RECORDS SUPPLIED -
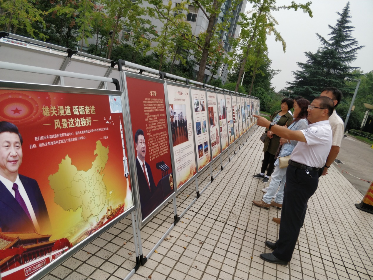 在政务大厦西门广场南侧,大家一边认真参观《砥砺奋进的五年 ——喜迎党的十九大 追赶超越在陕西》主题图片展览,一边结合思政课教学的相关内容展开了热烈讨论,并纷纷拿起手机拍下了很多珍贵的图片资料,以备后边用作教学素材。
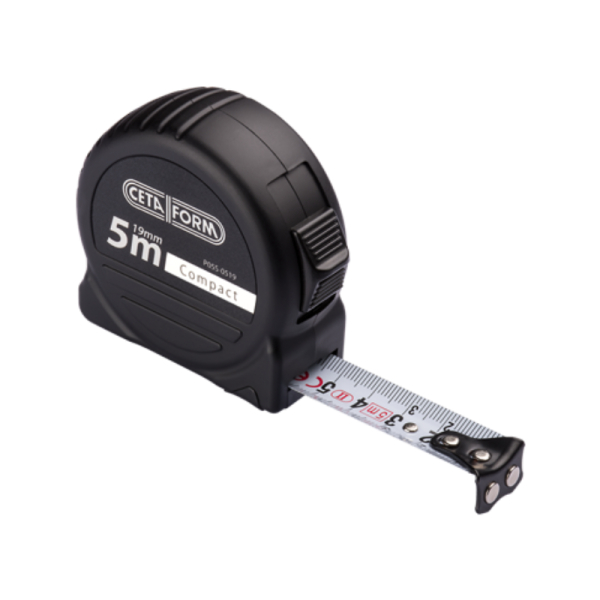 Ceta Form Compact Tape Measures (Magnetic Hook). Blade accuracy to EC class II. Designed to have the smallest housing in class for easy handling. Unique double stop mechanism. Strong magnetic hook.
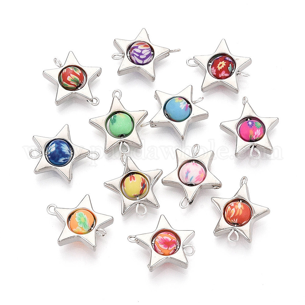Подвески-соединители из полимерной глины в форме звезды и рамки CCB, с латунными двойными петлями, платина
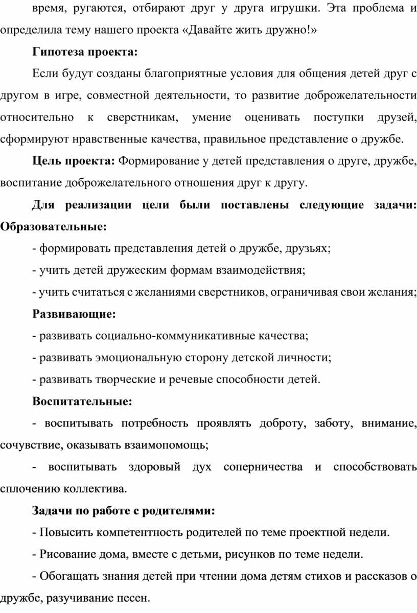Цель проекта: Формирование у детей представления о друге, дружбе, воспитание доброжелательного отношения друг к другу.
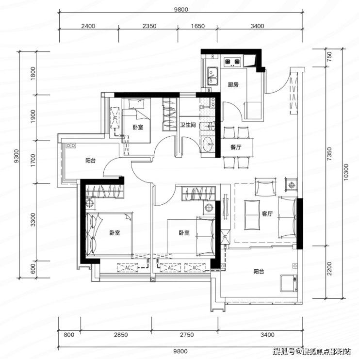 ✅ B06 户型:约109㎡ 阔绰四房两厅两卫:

WORK ITEM - Beginning with the line that contains "Ceta Form Compact", reproduce every line through the end of the records above exactly, leaving pictures out.

RESULT -
 Ceta Form Compact Tape Measures (Magnetic Hook). Blade accuracy to EC class II. Designed to have the smallest housing in class for easy handling. Unique double stop mechanism. Strong magnetic hook.
Подвески-соединители из полимерной глины в форме звезды и рамки CCB, с латунными двойными петлями, платина
Цель проекта: Формирование у детей представления о друге, дружбе, воспитание доброжелательного отношения друг к другу.
 ✅ B06 户型:约109㎡ 阔绰四房两厅两卫:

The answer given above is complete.